Estragon: I am happy.
Vladimir: We are happy.…
Estragon: What do we do, now that we are happy?
Vladimir: Wait for Godot.
Estragon groans. Silence.
(Beckett, 1954, p. 39)
Lately it seems to me that, within the psychoanalytic process, both patient and analyst find themselves, sooner or later, waiting for Godot.
The patient, especially when new to analysis or analytic therapy, comes with a long-held hope of transcending existential pain and struggle. This hope often, especially with patients struggling with addiction (the majority of my caseload), takes a literal or concretized form. Here a patient awaits a romantic partner or some actual caregiver-figure, possibly including the therapist, to literally transform or ‘rescue’ them from misery, in a way that guarantees ongoing care and attunement, and detours around unspeakable or unnamable (Atwood, 2012) traumatic feeling-states which ‘return one again and again to an [earlier] experience of traumatization … fracturing one’s sense of unitary selfhood’ (Stolorow, 2015, p. 133).
We analysts recognize that such concretized yearnings on the part of the patient, for the reliable circumvention of such overwhelming states, might represent a curative fantasy (Orenstein, 1995)—implying the eventual disillusionment of a patient’s hopes when such fantasy fails to materialize. For some analysts, for reasons I shall explicate, this may lead to a dread or apprehension of ‘failing’ or harming the patient, which in turn may foster repetitions, enactments or ritualizations within the dyad.
We understand, intellectually at least, that if any actual self-expansiveness is to be found, it will likely involve the revisiting of the dreaded, painful affect which a patient has repetitively numbed or averted since an archaic environment demanded it. In fact, the need to repetitively numb such affect is often what fuels addiction in the first place.
It is easy to underestimate the potent persistence of an archaic ‘command’ to maintain the sequestering of trauma-related affect. Such an affective amputation continues to trap the patient in the remains of a structural tie, to caregivers who initially demanded the blunting or segregation of ‘entire zones of [the patient’s] subjectivity’ (Brandchaft, 2010, p. 199). With many if not most of my patients, some form of pathological accommodation is at issue, an underlying adhesion to archaic demands for affective riddance.

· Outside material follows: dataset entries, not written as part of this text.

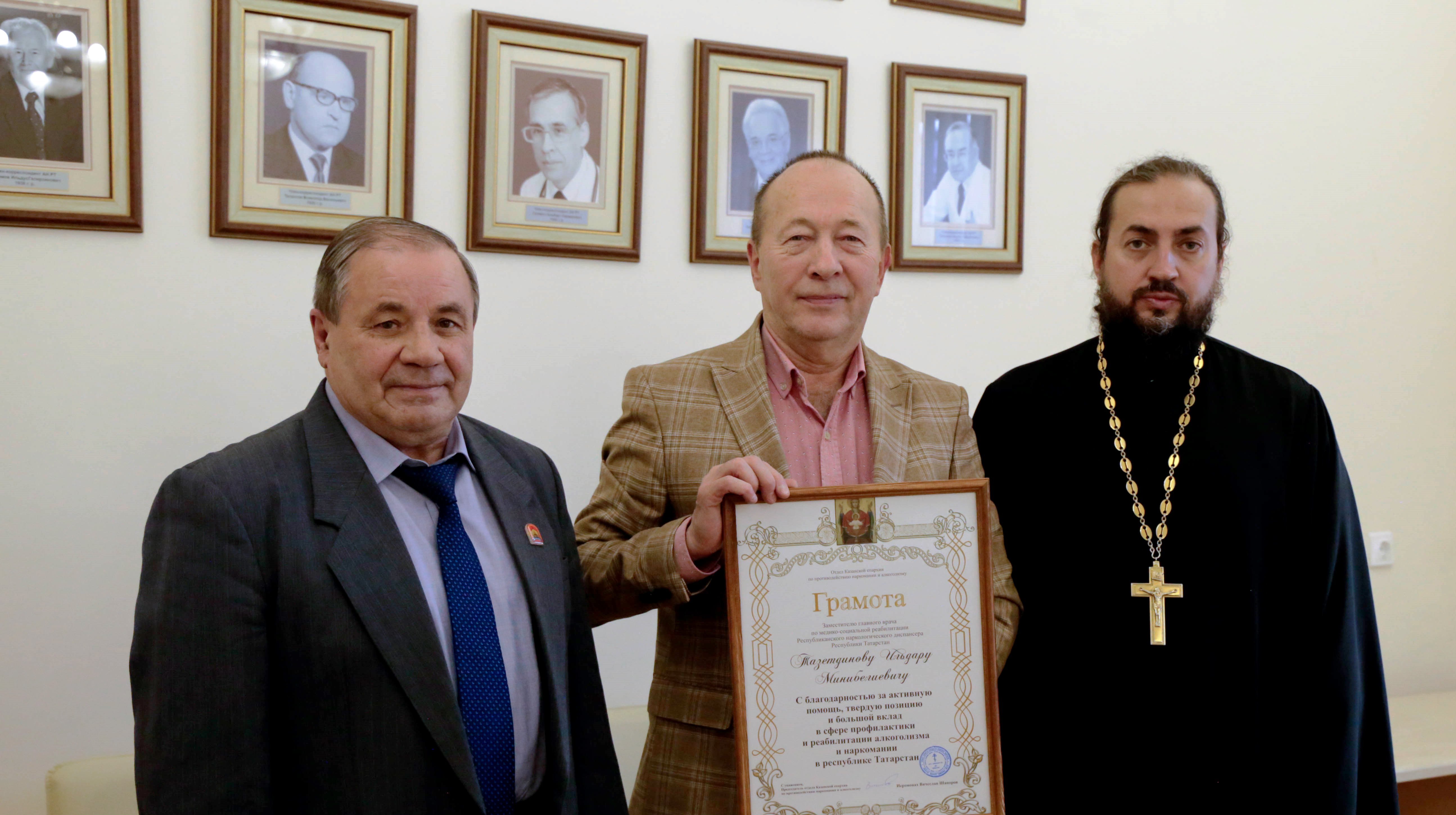 9 сентября 2021 года в КГМУ состоялся круглый стол «Трезвость и здоровье – основа развития социального потенциала общества, взаимодействие в решении проблемы», в котором приняли участие: председатель отдела Казанской епархии по противодействию наркомании и алкоголизму Иеромонах Вячеслав Шапоров; председатель Казанского епархиального общества «Трезвение», председатель рабочей группы по противодействию наркомании и алкоголизму при Общественной палате Республики Татарстан В.А. Юферов; представитель общественной организации «Общее дело» Р.К. Гатауллин, заместитель главного врача Республиканского наркологического диспансера И.В. Тазетдинов, заместитель начальника отдела управления по контролю за оборотом наркотиков МВД по РТ Е.А. Родайкина, заведующий кафедрой общей гигиены, проректор ФГБОУ ВО Казанский ГМУ Минздрава России А.В. Шулаев, профессор кафедры общей гигиены ФГБОУ ВО Казанский ГМУ Минздрава России О.Р. Радченко, ассистенты кафедры общей гигиены ФГБОУ ВО Казанский ГМУ Минздрава России П.В. Зиновьев, Н.И. Шарафутдинов и А.А. Шикалева, говорится в пресс-релизе, поступившем в редакцию РНЛ.
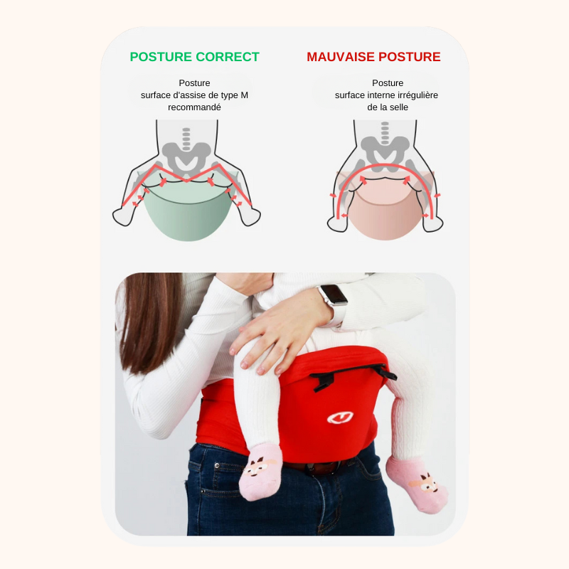 Un porte-bébé ergonomique maintient le bébé dans une position physiologique en “M” (genoux relevés, dos arrondi), respectant ainsi sa posture naturelle.
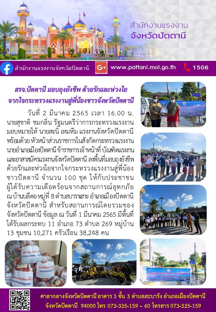สรจ.ปัตตานี มอบถุงยังชีพ ด้วยรักและห่วงใยจากใจกระทรวงแรงงานสู่พี่น้องชาวจังหวัดปัตตานี
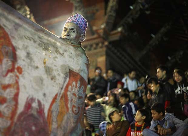 Em preparação para uma dança religiosa, a Narsingh Avatar, no último dia do festival tradicional de dança Kartic, em Lalitpur. Novembro, 2011.

Brandchaft often noted how such rigid self-organizations sustain a terror of change, no matter how deeply such change is desired by the patient. An irreconcilable paradox: Godot is wanted or desperately needed, while such need itself must remain ‘offstage’—forbidden, a sign of shameful weakness. This can then lead to a seeking of concretized solutions, bypassing vulnerability.
Of course, it is that very vulnerability which may be the ‘Godot’ we analysts seek, awaiting the emergence of painful or shameful affect, for the sake of empathic inquiry and relational home-building (Stolorow, 2007). How or how long to sustain such inquiry remains an ongoing question, as we hope to cultivate an increased tolerance of a patient’s vulnerability, existential ‘permission’ for fundamental differentiation while ensuring that current analytic ties remain intact. Some patients decide that this is too risky or ‘slow,’ and would rather work with a life-coach, fitness trainer, or psychic reader. Many patients become dismayed at ‘how long this takes,’ in a marketplace glutted with ‘quick fixes.’
Part of the challenge for patients trapped in rigidly accommodative self-organizations, is the struggle to safely exit ‘what has become a closed and noxious system’ (Brandchaft, 1994, p. 63); such an exit is perceived, then and now, as stepping off an existential cliff. Thus, the patient waits for a Godot who guarantees freedom while preserving cohesion and aversion of a feared breakdown (Winnicott, 1974). An analyst’s fear of the latter can lead to the provision of antidotal (Stolorow, Atwood & Orange, 1997) reassurances, affective detours.
Of course, some degree of ‘antidote’ may be necessary, as the challenge with many such patients is that emotionality itself—especially including developmental desires—remains ‘a solitary and unacceptable state, a sign of loathsome defect … that must be eliminated’ (Stolorow & Stolorow, 1987, p. 72). This can mean that—depending on the acuity of a patient’s trauma, and self-protectiveness—a patient’s ‘Godot’ is deemed ready to arrive when and only when an analyst has enabled them to bury ‘verboten’ aspects of selfhood six feet under. Brandchaft (1994), ever prescient, observed that such ‘insidious defensive processes’ ensure that ‘development on the basis of authenticity of experience … is repetitively foreclosed’ (pp. 62–63).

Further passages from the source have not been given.